AFRICA AND THE ATOMIC BOMB
On 13 February 1960, France detonated its first atomic bomb in the Algerian Sahara desert. The test, ordered by Charles De Gaulle, generated a cloud contaminated with caesium-137 and iodine-131, which was carried by the wind as far as western Sicily. In the midst of the Algerian War of Independence, France did not reveal what had happened and continued its experiments in the province of Adrar. From that 13 February until 1966, 16 more nuclear explosions were carried out in the Sahara desert, with devastating consequences for the local population, the surrounding environment and beyond. The first four nuclear tests conducted in the atmosphere at Reggane (a district located in the Tanezrouft plain, about 1,000 km from Algiers) were followed by 13 underground explosions at In-Ekker. The first atmospheric test, Gerboise Bleue, had a yield of about 70 kilotons, almost four times that of the Hiroshima bomb; the other three tests, named Gerboise Blanche, Rouge and Verte, marked France’s entry into the club of nuclear powers.
The French tests were not limited to the colonial period. Even after Algeria’s independence, the experiments continued under confidential agreements between Paris and the Algerian revolutionary provisional government, which in return obtained recognition of its sovereignty. Few documents remain of these experiments, but some studies indicate that the short- and long-term consequences included an increase in cancer, congenital malformations and other diseases linked to radiation exposure.
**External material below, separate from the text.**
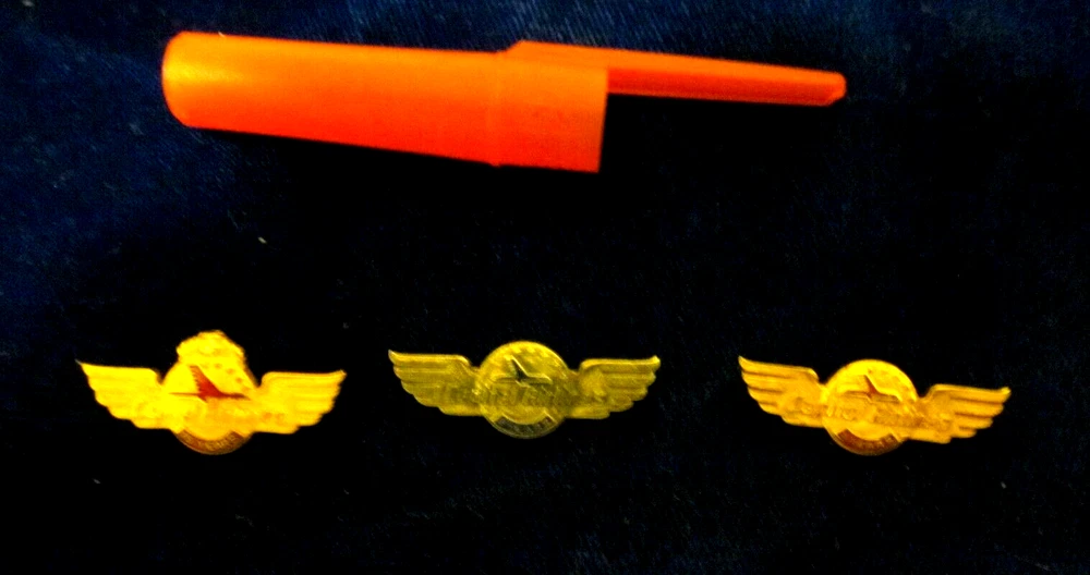 3 vintage pins for 1 price. scarce vintage employee service award pins. especially tough is the 15 yr pin. small wing (5 years w red enamel, approx 2.19 grams marked 10k on back, cto o c tanner mfr, Hinged swing pin with whale tail clasp) small wing (15 years years w clear stone and red enamel, approx 2.78 grams marked 10k on back, lgb balfour mfr, Hinged swing pin with whale tail clasp) that is almost 5 grams of 10k gold for the above 2 pins, then add in the sterling for the below pin,. 3 pins for one price. small wing (2 years w blue enamel, approx 2.14 grams marked sterling on back, lgb balfour mfr, Hinged swing pin with whale tail clasp) Capital Airlines was originally known as Pennsylvania Airlines in 1931 and was run by Clifford Ball. Pennsylvania Airlines merged with Central Airlines on November 1, 1936, to become Pennsylvania Central Airlines . On April 21, 1948, Pennsylvania Central Airlines changed its name to Capital Airlines. Capital merged with United Airlines in 1961. Condition as shown in the photos. sorry i am not great at photography, best i could do. this is a vintage item for collectors. I only ship to address provided by ebay, sorry no exceptions. United States sales and shipment only, I appreciate your understanding. in the 197 0's inflation soared and stock and bond prices collapsed. however during that same decade quality collectibles soared in value. are we about to see a repeat of that decade? Here is your chance to diversify into something tangible. regardless what happens in the financial markets at least with items like in this auction you have something fun to own that also has historical significance. i am loading over the next 10 or so days, some rare aircraft, air line, airline and airlines pins, wings, badges, pilot hats, caps, etc. about 50 or so items in diff auctions. keep watching my other auctions for early pan am, Paa, grace / panagra, mohawk, western air lines, delta, chicago and southern, delta c & s, boeing, pennsylvania central airline, pca, northeast airlines, twa, united, southern airlines, american airlines, eastern airlines, southwest airways!!! mega tough item, and many more.

After each atmospheric test, radioactive particles were dispersed southwards to sub-Saharan Africa or northwards towards the Mediterranean and Europe, depending on the winds.
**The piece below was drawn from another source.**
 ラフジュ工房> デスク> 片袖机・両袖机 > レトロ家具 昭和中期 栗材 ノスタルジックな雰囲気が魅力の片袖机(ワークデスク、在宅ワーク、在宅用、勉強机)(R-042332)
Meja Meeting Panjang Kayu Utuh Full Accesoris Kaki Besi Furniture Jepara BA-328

The underground Beryl test on 1 May 1962 was particularly disastrous: the explosion caused a radioactive leak that also contaminated senior French officials present at the site, including members of the Ministerial Commission, some of whom died of leukaemia in the following years. French military personnel were also exposed to radiation, suffering serious health damage.
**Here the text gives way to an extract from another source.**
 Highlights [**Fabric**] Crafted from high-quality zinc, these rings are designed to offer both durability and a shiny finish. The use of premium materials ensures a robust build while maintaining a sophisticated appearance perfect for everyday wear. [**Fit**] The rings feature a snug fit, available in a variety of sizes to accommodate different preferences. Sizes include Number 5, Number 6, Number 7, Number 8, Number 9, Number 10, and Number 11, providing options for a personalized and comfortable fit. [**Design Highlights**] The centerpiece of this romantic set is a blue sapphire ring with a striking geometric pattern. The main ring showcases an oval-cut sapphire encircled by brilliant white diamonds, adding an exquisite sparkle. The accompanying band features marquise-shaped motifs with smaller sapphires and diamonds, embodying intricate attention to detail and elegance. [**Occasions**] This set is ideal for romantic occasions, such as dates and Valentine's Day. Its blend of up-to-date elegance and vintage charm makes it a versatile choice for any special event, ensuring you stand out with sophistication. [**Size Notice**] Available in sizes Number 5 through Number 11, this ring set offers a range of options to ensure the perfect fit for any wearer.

France never worried about the devastating effects that atomic bombs could have on local populations, who were never provided with places to shelter from radiation. There is no exact number of deaths or people suffering from radiation sickness, but in southern Algeria, doctors and NGOs continue to report the recurrence of suspicious diseases and ailments that were virtually unknown in these areas before radioactivity contaminated the desert sands. Thyroid, skin, lung and breast cancer, leukaemia and birth defects are now commonplace among Saharan families in these areas. Outside Algeria, Sahara sandstorms have carried tonnes of fine dust to Europe, much of which has been found to be contaminated with caesium-137, generated by the radioactive decay produced by those explosions. In western Sicily, contamination was detected several times between 1960 and 1966, and in the Canary Islands, the University of Tenerife detected radioactive decay products in Saharan sand carried by the winds. France has never carried out any clean-up of the explosion sites, to the extent that even today, staying in those places is considered highly risky. In 1966 and until 1996, France transferred its tests to the Mururoa and Fangataufa atolls in French Polynesia, where there were almost 200 explosions.
Fortunately, there is also a story that is very different from that of Algeria: that of the South African atomic bomb. This is a unique story because South Africa, after acquiring military nuclear capability, decided to backtrack and abandon the programme: a unique case in the world! The story begins in 1957, when South Africa sought cooperation with the United States and Great Britain for the transfer of nuclear technology in exchange for its large reserves (and sales) of uranium. In the mid-1960s, the first research reactor was built in Pelindaba, and in 1974 an agreement was signed (with France) for the construction of a production plant near Cape Town. At the same time, the race to build a nuclear arsenal began, fuelled by the lack of protection due to diplomatic isolation caused by the apartheid regime and fears linked to the civil war that broke out in Angola and Mozambique after Portugal’s withdrawal and the intervention of Cuban troops supported by the Soviet Union. It was the Soviet Union that reported the presence of a test site in the Kalahari Desert in 1977. In 1978, South African President Vorster decided to acquire an arsenal of six nuclear weapons by the mid-1980s as a deterrent. But in 1982, militants from the African National Congress (the opposition party to the apartheid regime) carried out an attack on a nuclear facility near Cape Town, creating a sense of danger on the home front. Meanwhile, Cold War tensions eased: the Cubans withdrew from Angola and South Africa withdrew from Namibia, which gained independence.
These changes rendered the decision to acquire a nuclear arsenal, which had never been openly declared, meaningless. In 1989, the new president, De Klerk, proceeded with the dismantling of the nuclear deterrent (which was completed by 1991 with the destruction of fissile material and weapons) and signed the Nuclear Non-Proliferation Treaty. The history of nuclear power in South Africa is unparalleled to this day. Although some believe that the decision to “roll back” was taken for racial reasons – i.e. dictated by the fear of a government composed of the African population possessing nuclear weapons – the South African case remains an unparalleled example of virtue.